Speaking with the philosopher Joanna Macy, he says, “you do the Work [That Reconnects] to help people become stronger, more resilient fighter for justice, and also good caretakers of each other in the here and now even if we’re going down.” The uncertainty about our future is in itself difficult to bear, as I well know. Even a vestige of hope heightens the agony of incipient loss.

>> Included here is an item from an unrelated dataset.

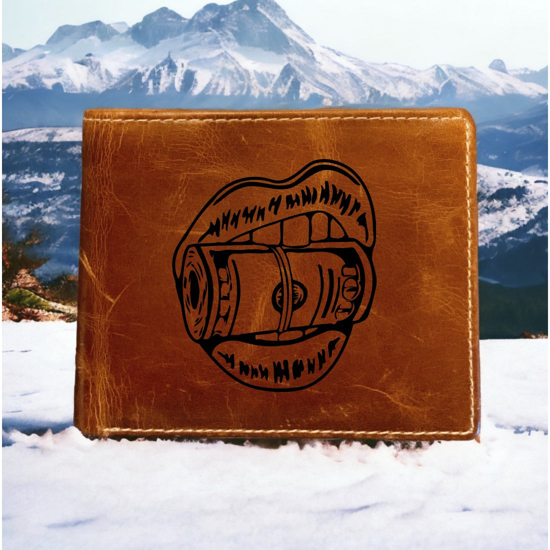 Lips Cash Leather Wallet Bifold Premium Quality Buffalo Money Bank Gift NEW

When I am not scaring my students, I am trying to balance all the emotional valences that naturally surface when learning the bad news about climate change, loss of biodiversity, and increasing toxification of the biosphere—and us. I nearly always say something like, “I am so sorry to have to tell you this.” I am. Yet to remain silent is much worse, and often my students understand this. Often, they ask me why no one has ever shared these truths with them before—because whatever your parents’ political persuasions, doing your own high-quality research on any topic in global environmental health (and I let them choose) leads you to some dismal conclusions.

In addition, many of my students have some personal story of loss: personal diagnoses of cancer, Crohn’s disease, or endometriosis; siblings with autism, leukemia, and neurofibromatosis, attributed to exposure to Willowbrook’s Sterigenics; friends choking on wildfire smoke in California; homes, churches, and familiar landmarks lost to Hurricane Helene in North Carolina or Katrina in Mississippi; and friends dying of heat stroke during football practice. And this is a partial sampling from one semester.

The best feature of Boyd’s project is a flowchart that outlines the entire logical thought process of his conclusions, which is that we must fight for a “better catastrophe.”

As for Unthinkable Resources Hub, I am just beginning to plumb its depths, but found my first foray into it truly helpful and thought-provoking. I particularly recommend it for anyone actively wrestling with the dire predictions of climate change in hopes of finding a nuanced approach to the hope-despair dichotomy. Because of the choices people have made for the last fifty years, and the choices we all continue to make daily, catastrophes of some ilk are now undeniably upon us.

 

References

Andrew Boyd. (2023). I Want a Better Catastrophe: Navigating the Climate Crisis with Grief, Hope, and Gallows Humor. New Society Publishers.